WHAT IS NEEDED: Could the lines from the top of the material to the line that contains "Post Card to Maurice Peabody" be retyped exactly, both included and pictures omitted?

**** DATA BELOW ****

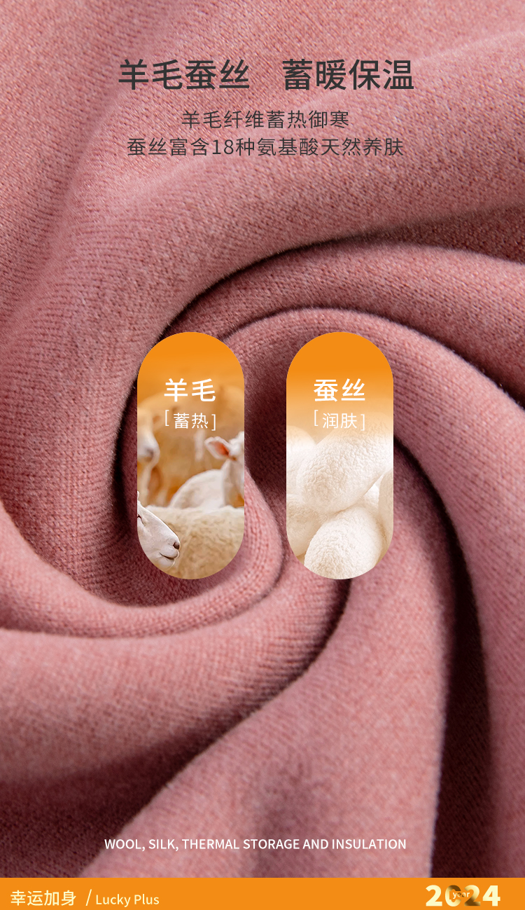红金羊毛蚕丝保暖内衣秋冬季加绒加厚男女款保暖套装625626
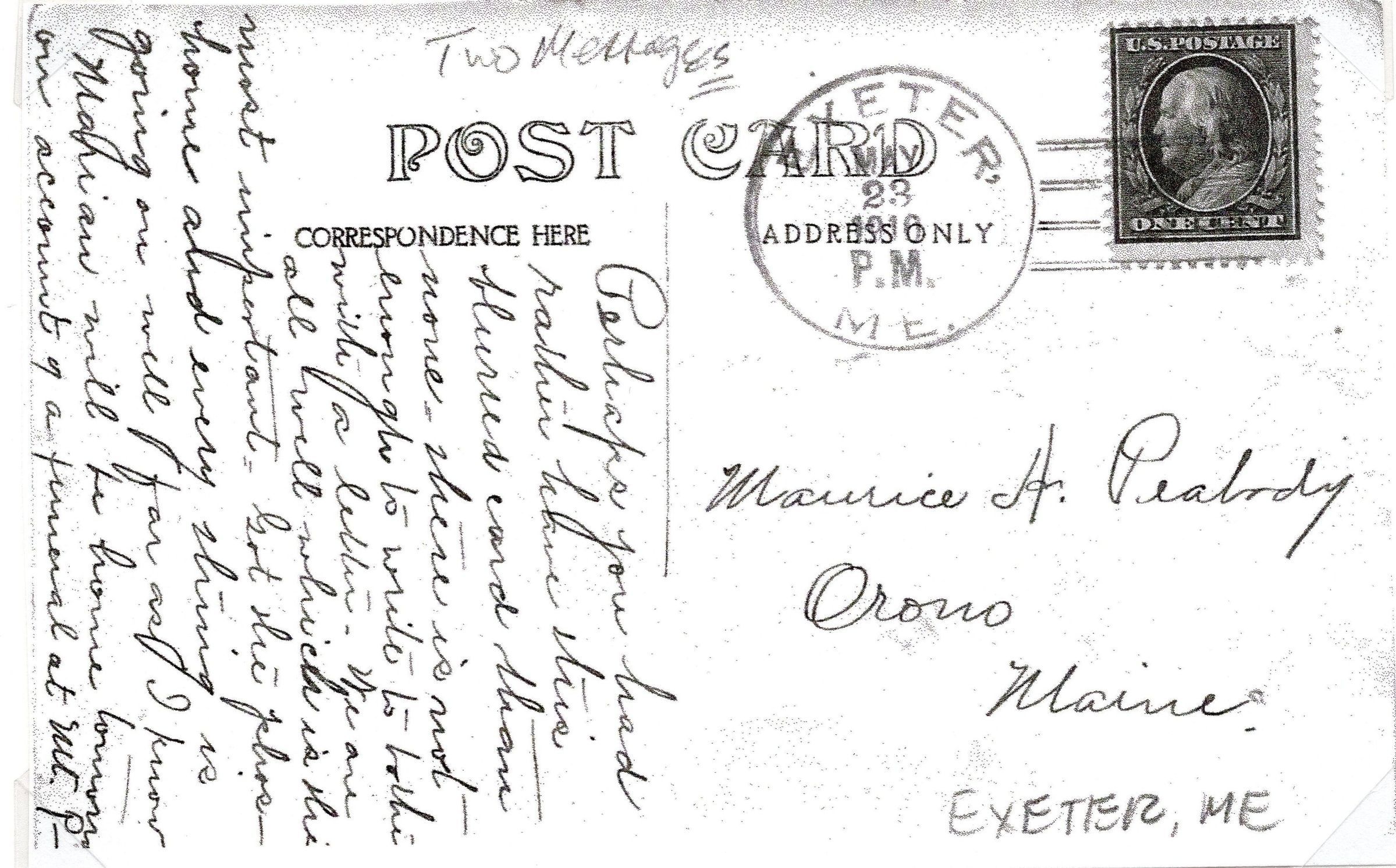 Post Card to Maurice Peabody
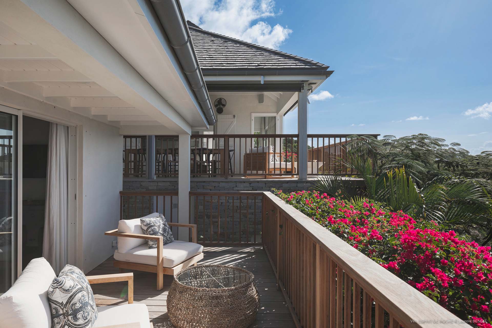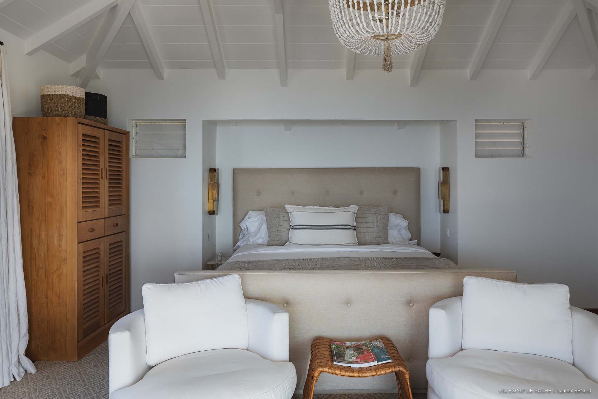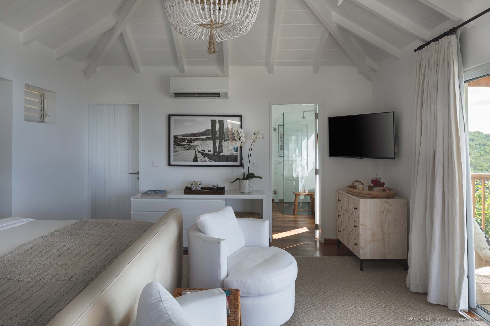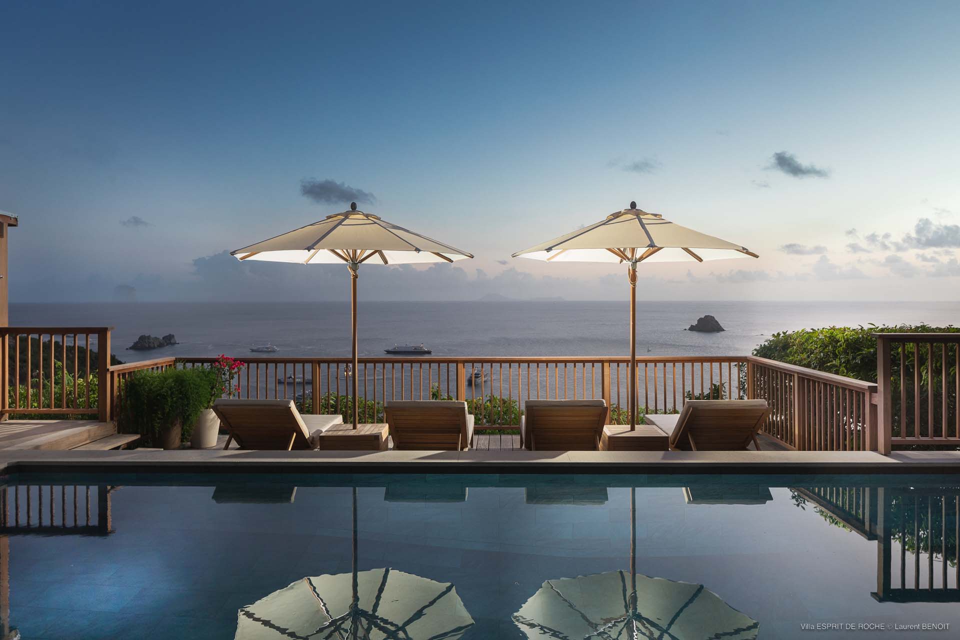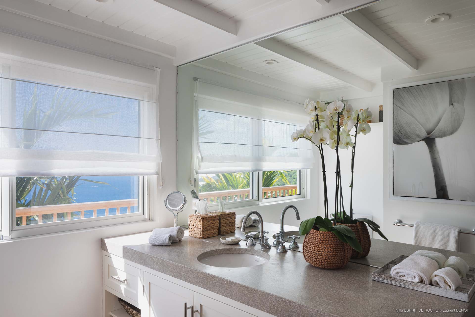 Ideally located in Colombier, a 3-bedroom Villa Esprit de Roche (villa code: WV EDR), treats its guests to a panoramic seascape that encompasses the neighboring islands of Nevis, St. Kitts, Statia, and Saba. Fiery sunsets are a bonus with an opportunity to witness the “green flash.” Totally renovated, and beautifully decorated, the villa’s main level encompasses a living room, kitchen with a breakfast bar, and a covered dining terrace, all with a stunning view of the sea. All three air-conditioned bedrooms have en suite baths and TVs. One bedroom is on the main level with a king bed and features a terrace. The second bedroom has a king or 2 twin beds and is located a few steps down in a separate pavilion with a private terrace. The lower-level master suite has a king bed and a terrace as well and is near the extra-large swimming pool. The pool area affords abundant space for sunning and outdoor living. Parking is ample.Please fill out the form to begin your inquiry and we will connect you with a seasoned villa rental specialist.

****

EXERCISE ANSWER:
红金羊毛蚕丝保暖内衣秋冬季加绒加厚男女款保暖套装625626
 Post Card to Maurice Peabody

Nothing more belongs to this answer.